Memasuki tahun 2024, cakupan penagihan pajak diperluas dan lebih beragam. Penagihan ditujukan kepada 15 pengusaha pajak MBLB dan 20 pengusaha pajak PBB-P2. Total nilai tagihan mencapai Rp3,089 miliar untuk pokok pajak dan Rp1,245 miliar untuk denda, sehingga akumulasi kewajiban pajak pada tahun ini tergolong signifikan. Dari keseluruhan wajib pajak tersebut, 15 pengusaha melakukan pembayaran dengan total realisasi sebesar Rp809.975.566,00. Nilai pembayaran menunjukkan variasi yang cukup lebar, dengan realisasi terendah sebesar Rp3,9 juta dan tertinggi mencapai Rp298,4 juta. Capaian ini memperlihatkan bahwa meskipun tidak seluruh wajib pajak patuh, upaya penagihan melalui instrumen hukum mulai mendorong kontribusi yang lebih substansial dibandingkan tahun sebelumnya.

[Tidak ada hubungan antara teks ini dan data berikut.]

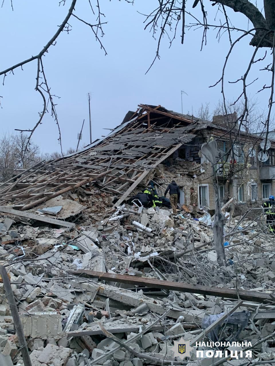 Ворожі снаряди поцілили у двоповерховий житловий будинок та ще один поряд із ним. У двоповерховому будинку з 16 квартир 8 зруйновані. Пошкоджень зазнали також два поліцейські автомобілі.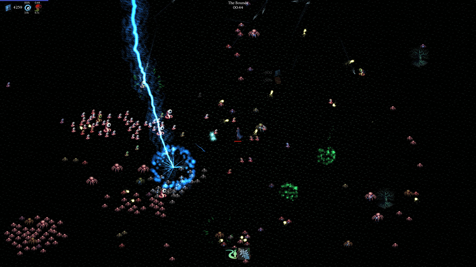 Overcome a series of challenging stages in this roguelite horde survival game by developing your power with autocasting spells across many different dimensions, including items, upgrades, talents, and more that interact with each other to produce many unique and powerful builds.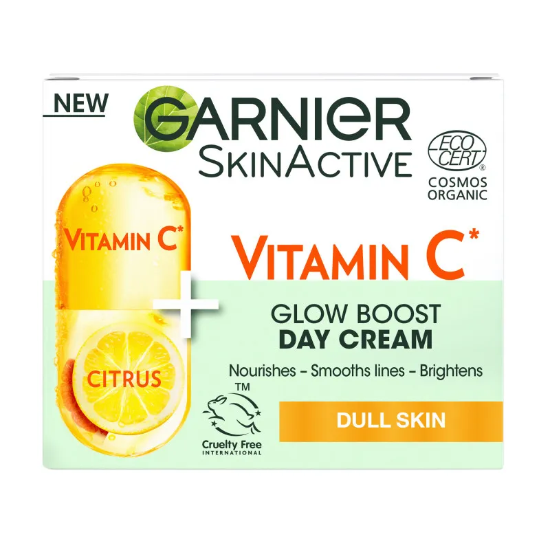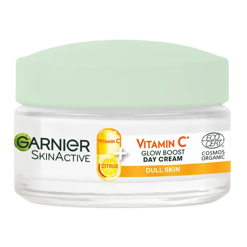 Дневной крем Garnier SkinActive с витамином C сертифицирован как органический и содержит концентрированное производное витамина C и цитрусовые. Его увлажняющая формула делает кожу питательной, гладкой и сияющей. Крем имеет сертификат Cosmos Organic, который подтверждает, что минимум 95% ингредиентов имеют натуральное происхождение, а минимум 20% выращены органически.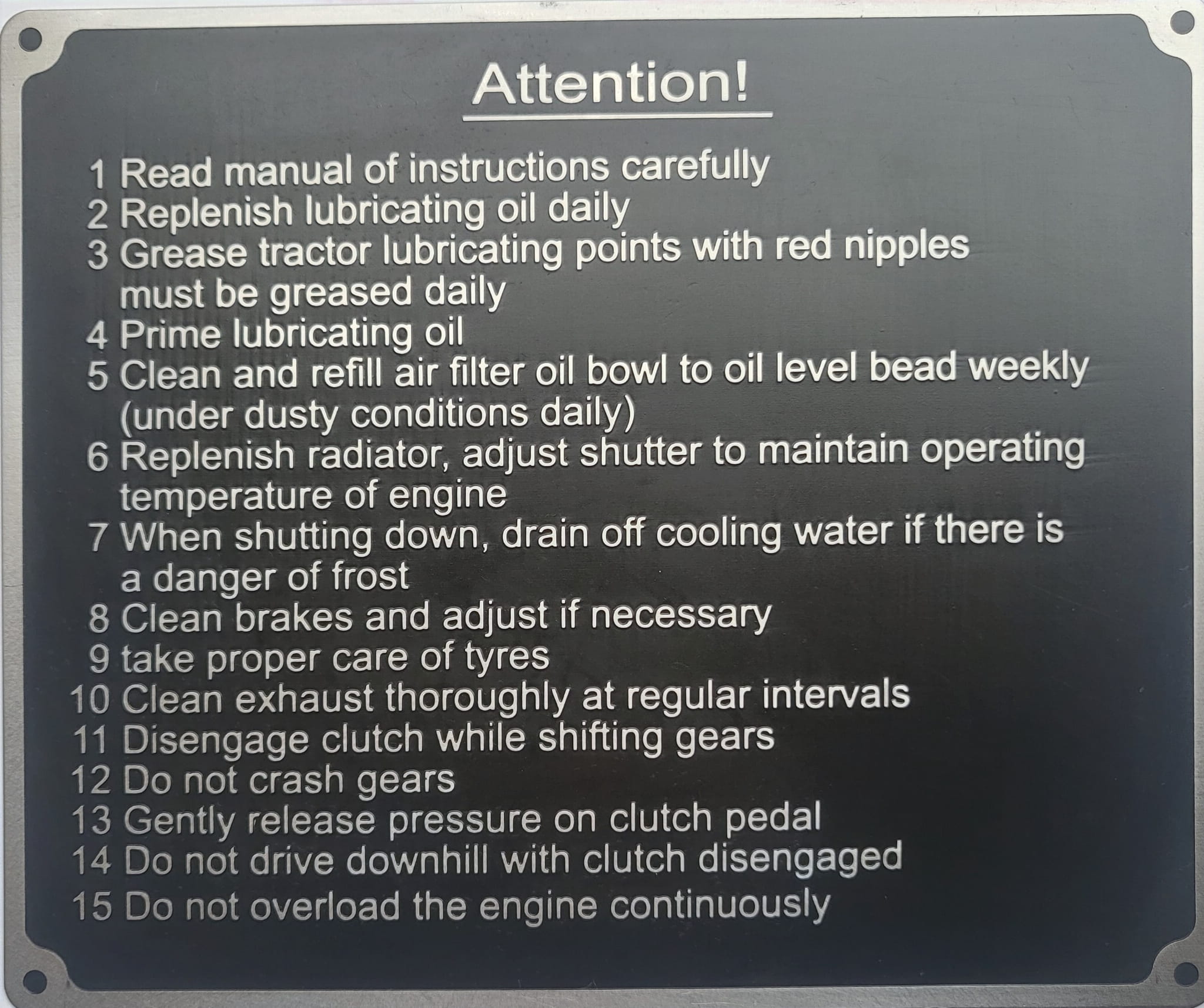N° 143 - Panneau « Attention » pour Lanz Bulldog, Ursus, Pampa, en aluminium gravé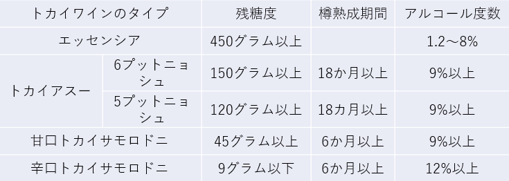トカイワインには、表で示したように、造り方によってエッセンシア、アスー、サモロドニという3つのタイプがあります。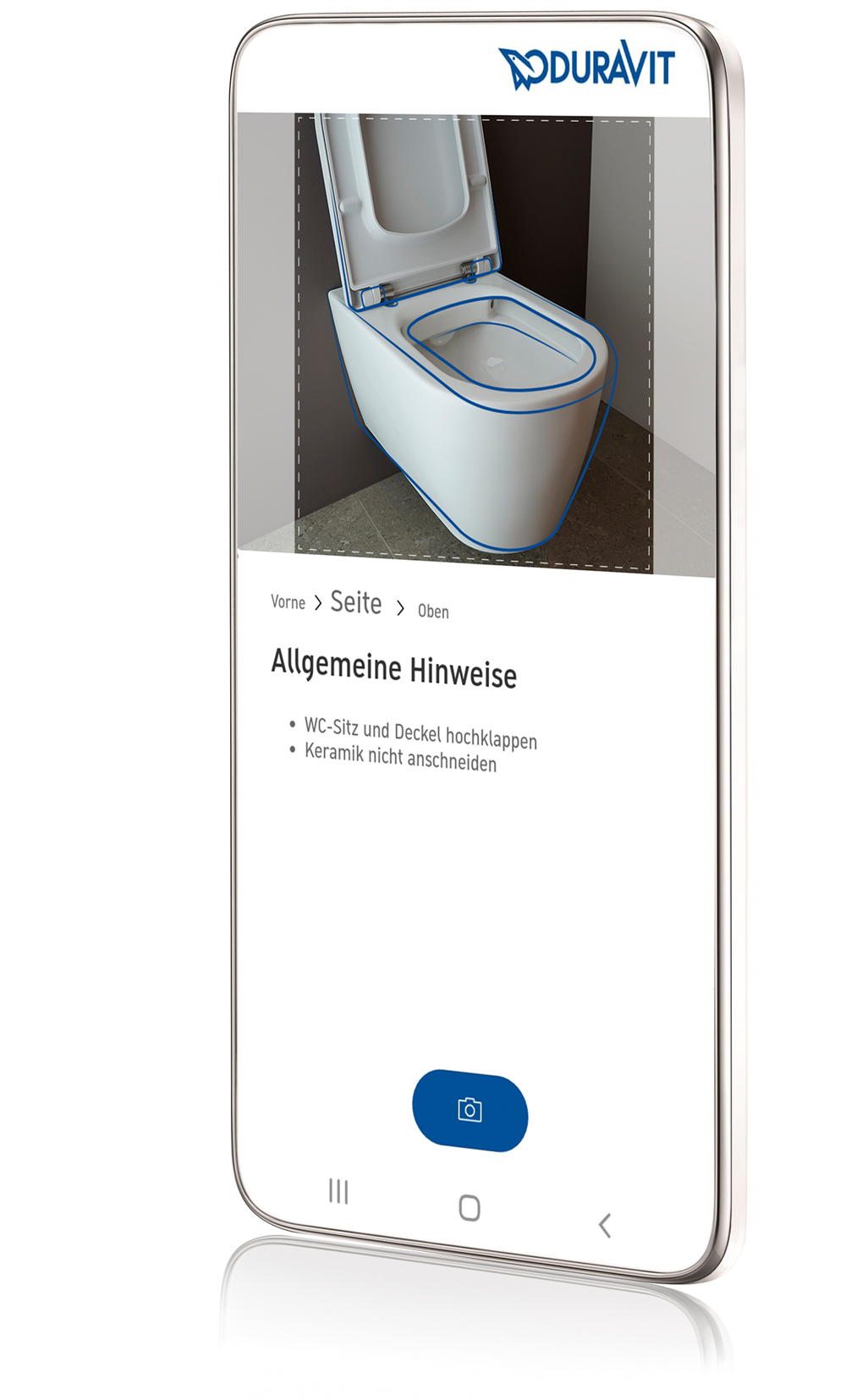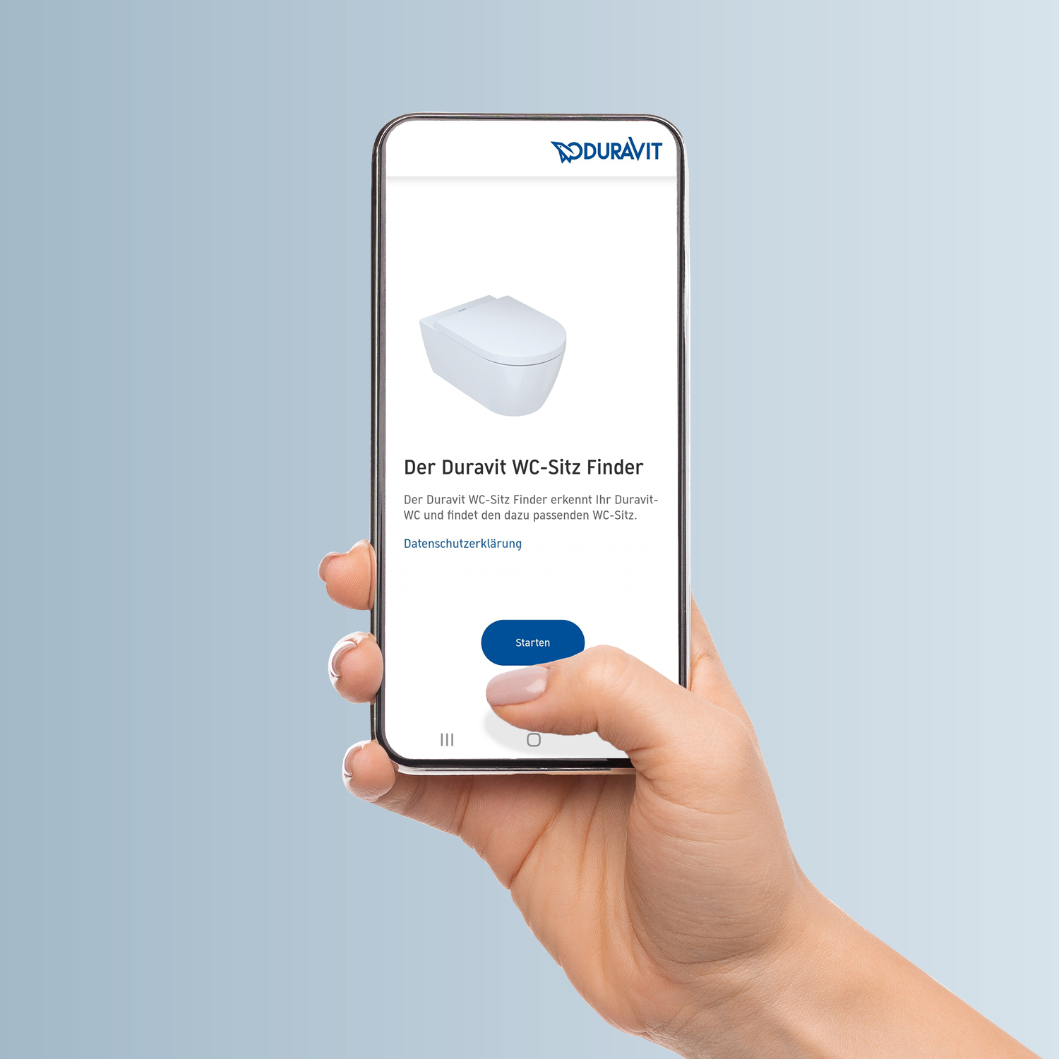 Simply open the mobile app on your smartphone – it will guide you quickly and intuitively through each of the Duravit Toilet Seat Finder steps. Don't worry: the relevant screens will help you take the photographs and show you the angle required. Once you've taken the pictures, your Duravit toilet will be recognized in just a few seconds.

Tahun 2025 menunjukkan dinamika yang berbeda. Penagihan diperluas kepada 24 pengusaha dengan total tagihan sebesar Rp6,28 miliar. Menariknya, komposisi pajak tidak hanya mencakup 21 pajak MBLB, tetapi juga satu pajak reklame dan dua Pajak Bumi dan Bangunan Perdesaan dan Perkotaan (PBB-P2). Dari jumlah tersebut, lima pengusaha melakukan pembayaran dengan total realisasi yang jauh lebih signifikan, yakni Rp606.329.528,00. Nilai pembayaran terendah tercatat Rp2 juta, sementara pembayaran tertinggi mencapai Rp451 juta. Meski jumlah pembayar relatif sedikit, lonjakan nilai realisasi menunjukkan bahwa pendekatan penagihan mulai membuahkan hasil pada wajib pajak tertentu.
Secara keseluruhan, penagihan pajak melalui SKK Kejari Kulon Progo selama tiga tahun terakhir menggambarkan perjuangan antara potensi dan realisasi. Angka-angka tersebut bukan sekadar statistik, melainkan refleksi dari proses panjang membangun kepatuhan pajak. Di balik setiap rupiah yang tertagih, terdapat upaya penegakan hukum, koordinasi antarinstansi, dan dorongan untuk mewujudkan keadilan fiskal. Ke depan, konsistensi penagihan, pendekatan persuasif, serta penegakan hukum yang tegas diharapkan mampu menjembatani kesenjangan antara kewajiban dan kepatuhan, demi mendukung pembangunan daerah Kulon Progo yang berkelanjutan.